Добавить в цитаты Настройки чтения

Страница 8 из 9

Кабинет, в котором ее допрашивали, был тесным. Выкрашенные в серый цвет стены и узкое окошко высоко под потолком не вселяли уверенности и оптимизма.

Следователь вышел из-за стола и почесал за ухом. Брюки у него оказались мятыми, словно мужчина спал, не снимая их. Марина Степановна подумала об этом и почувствовала, что ей безумно хочется расхохотаться, и очень удивилась, потому что вообще-то ей было не смешно, а страшно. Но челюсть уже начала трястись, и Марина Степановна схватила себя за подбородок.

— Что-то еще хотите добавить? — спросил следователь мягко.

Она потрясла головой, с трудом сдерживаясь, чтобы не расхохотаться.

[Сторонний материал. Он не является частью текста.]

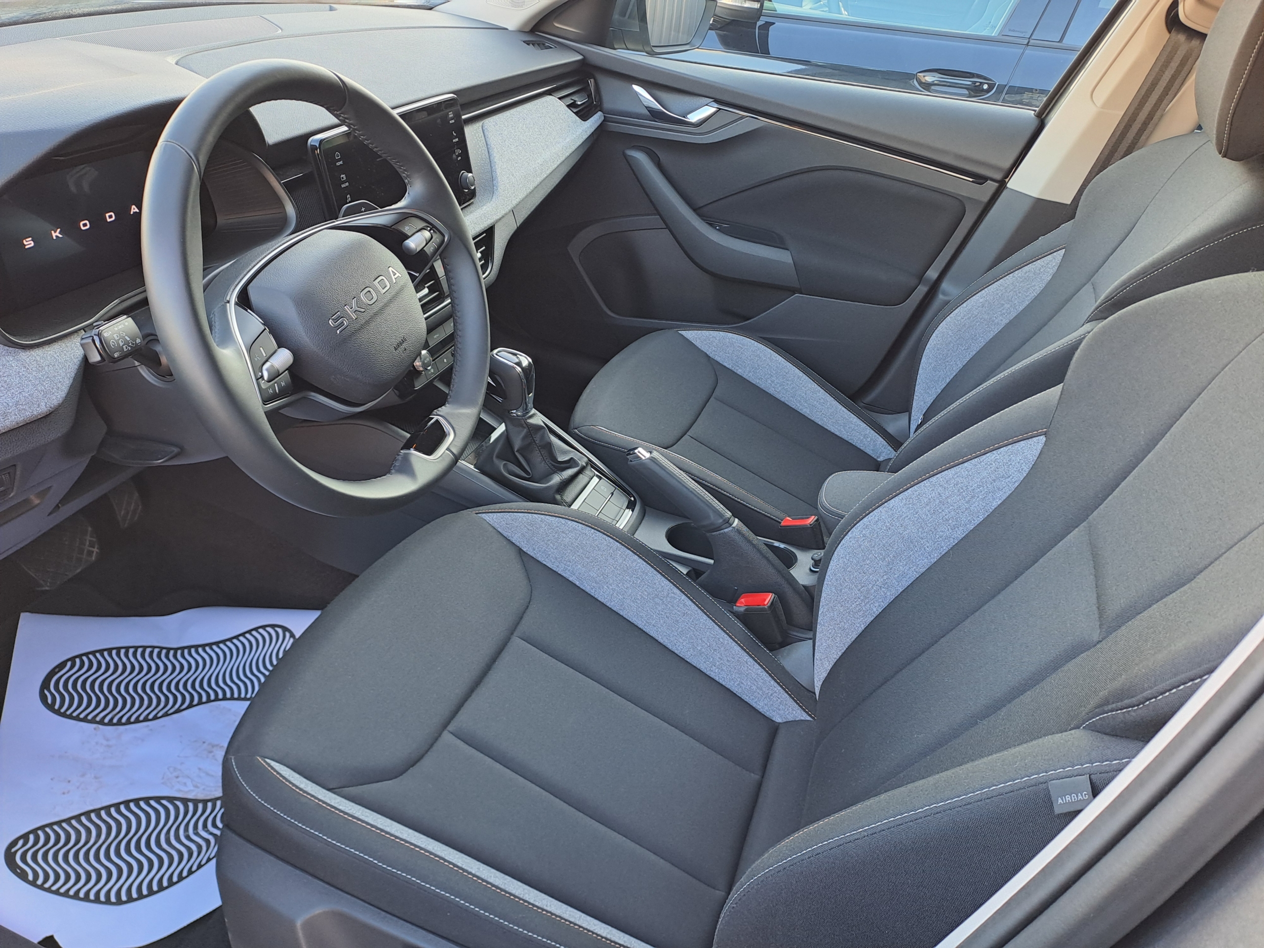 - Insert décoratif sur la planche de bord en matériau recyclé gris Krepp recycled, liseré noir glossy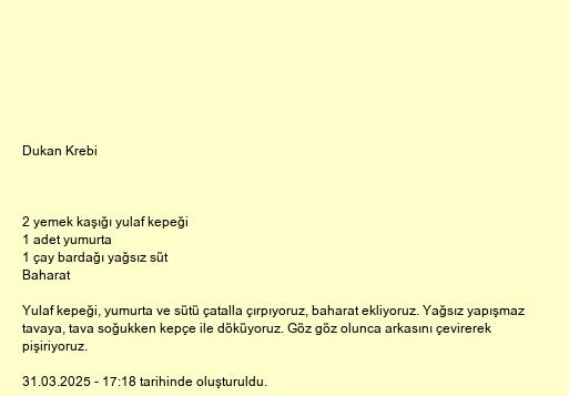 Yulaf kepeği, yumurta ve sütü çatalla çırpıyoruz, baharat ekliyoruz. Yağsız yapışmaz tavaya, tava soğukken kepçe ile döküyoruz. Göz göz olunca arkasını çevirerek pişiriyoruz.

Марина Степановна сжала зубы, а те застучали, к тому же затряслась нога, и это было тоже смешно.

— Вы определенно что-то хотите…

— У меня дочь — инвалид первой группы, — прошептала Марина Степановна, — если со мной что-то… она…

Произнеся эти слова, женщина почувствовала, что уже не в состоянии сдерживаться. И вдруг из глаз брызнули слезы.

— А-а… — простонала она. И закричала громко: — А-а-а-а!

Затем зарыдала так, как никогда в жизни. Ее била дрожь, а из глаз летели во все стороны крупные слезы.

— Вы… вы… не… не понимаете, что если… если со мной что-то произойдет… то дочка просто умрет. Она даже пошеве… пошевелиться не… не может. У нее позвоночник сломан… она восемь лет парали…

Марина Степановна закрыла ладонями лицо и, чтобы остановить слезы, кусала свои ладони. Ей только сейчас стало по-настоящему страшно. То есть страшно было уже две недели, с тех пор, как ее впихнули в камеру. Она боялась сидеть, стоять, лежать, смотреть по сторонам и даже дышать, но в душе еще теплилась надежда. А сейчас, почему-то именно сейчас, когда следователь сказал, что ее выпустят, она, вместо того чтобы обрадоваться, испугалась до смерти…

— Помогите дочке, — прошептала Марина Степановна и упала перед следователем на колени.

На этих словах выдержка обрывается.